WHAT TO PRODUCE — Tell how many lines in these records contain the string "sinagoga", with only the number as the reply.

(Stored entries)
*** Block opens ***
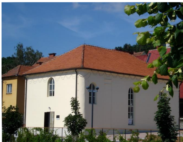
Slika 1 Lendavska sinagoga

Ker je lendavska sinagoga ob mariborski edina ohranjena v Sloveniji, je njen pomen še toliko večji. Menim, da je njena vloga tudi danes velika, saj v njej prirejajo veliko različnih prireditev. Seveda pa nam služi tudi kot spomin na kulturno in duhovno dediščino Lendave ter na nekdanje judovsko prebivalstvo, ki je imelo izredno velik vpliv na Lendavo. Judje so zasedali izredno visoke položaje v Lendavi npr. zdravniške, odvetniške, obrtniške, lastniške.
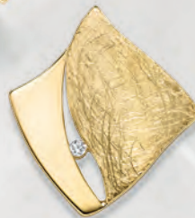
24-413 Anhänger Silber 925/- Zirkonia* 89,00
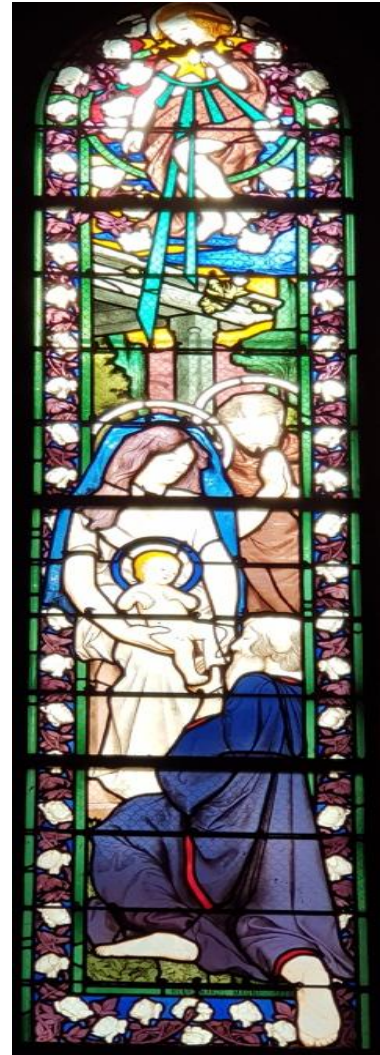
Vitrail dans le Chœur de notre église
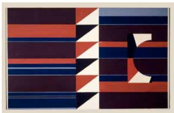
Tout à coup et comme par jeu , gouache sur toile, 54 x 81 cm, 1961, coll. Fonds d'atelier.
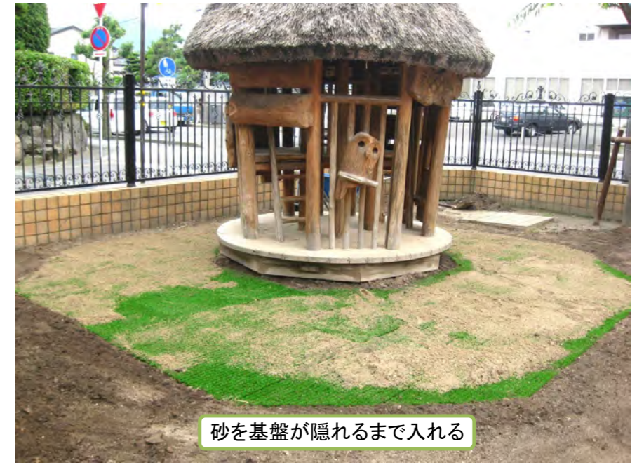
砂を基盤が隠れるまで入れる
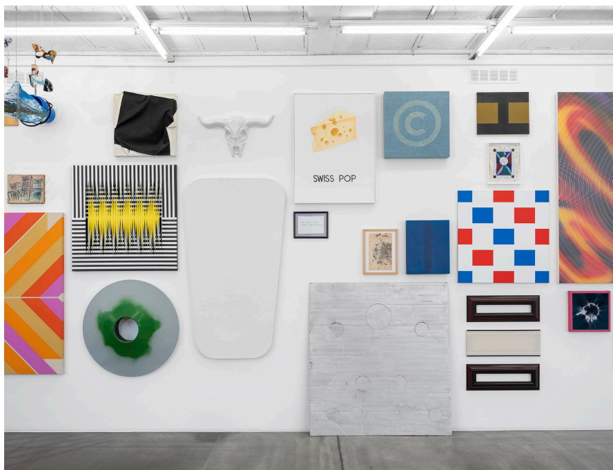
Vue partielle de l'exposition
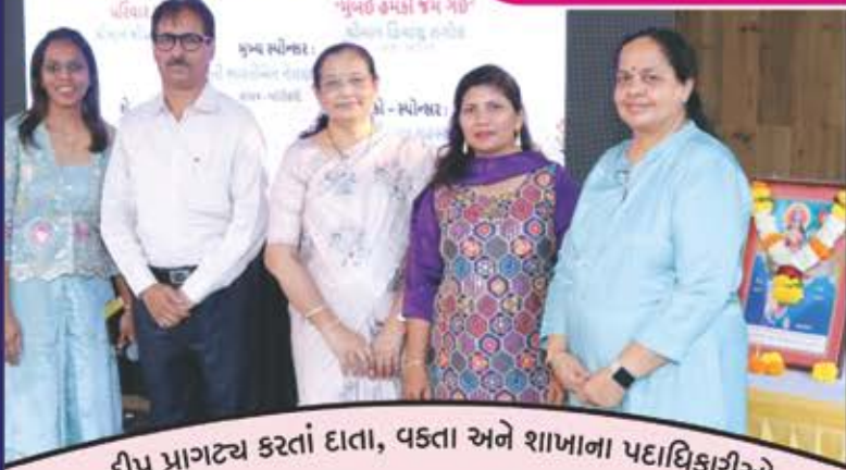
દીપ પ્રાગટ્ય કરતાં દાતા, વક્તા અને શાખાના પદાધિકારીઓ
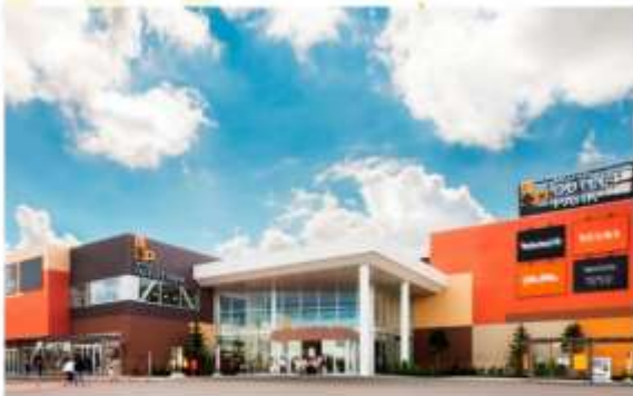
SHOPPING AT KITA HIROSHIMA OUTLET

อิสระอาหารค่ำตามอัธยาศัย (ไม่รวมในรายการ)
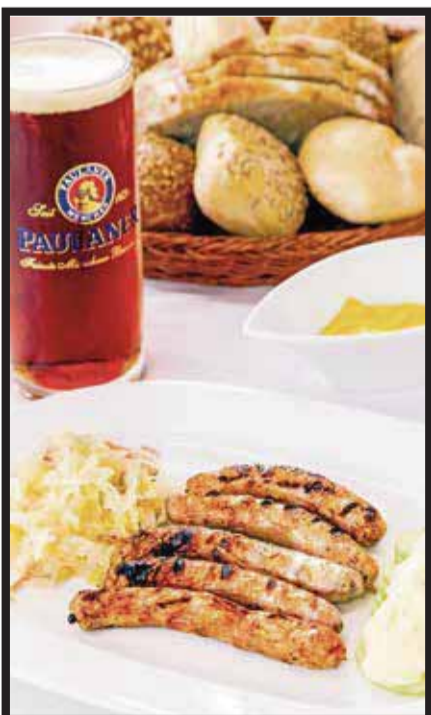
Salchicha Nürnberger, una de las variedades.

Así, La Hacienda de los Morales te ofrecerá una auténtica celebración con música y todo el folclor de la tradicional fiesta alemana.
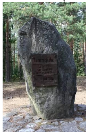
Piemiņas akmens Ložmetējkalnā
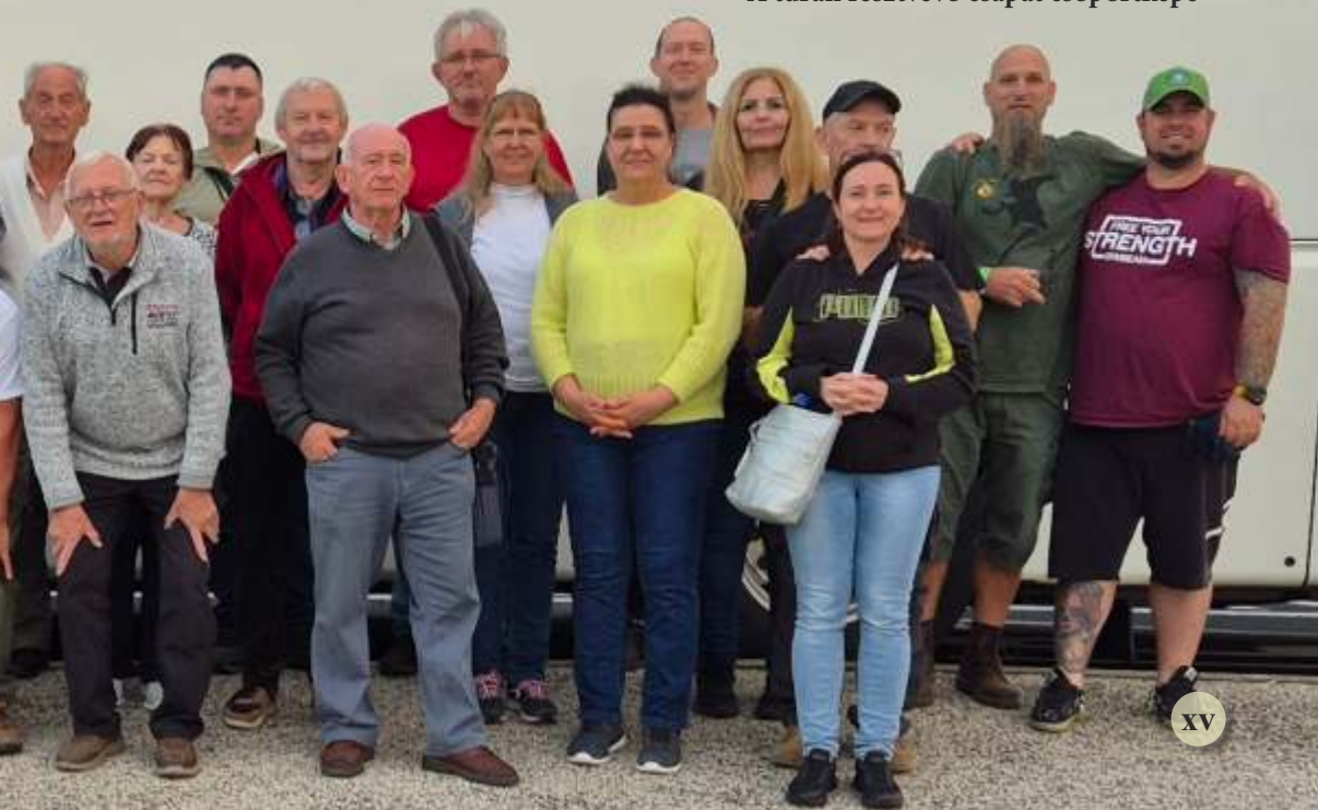
A túrán résztvevő csapat csoportképe
*** Block closes ***
EXERCISE RESULT — 2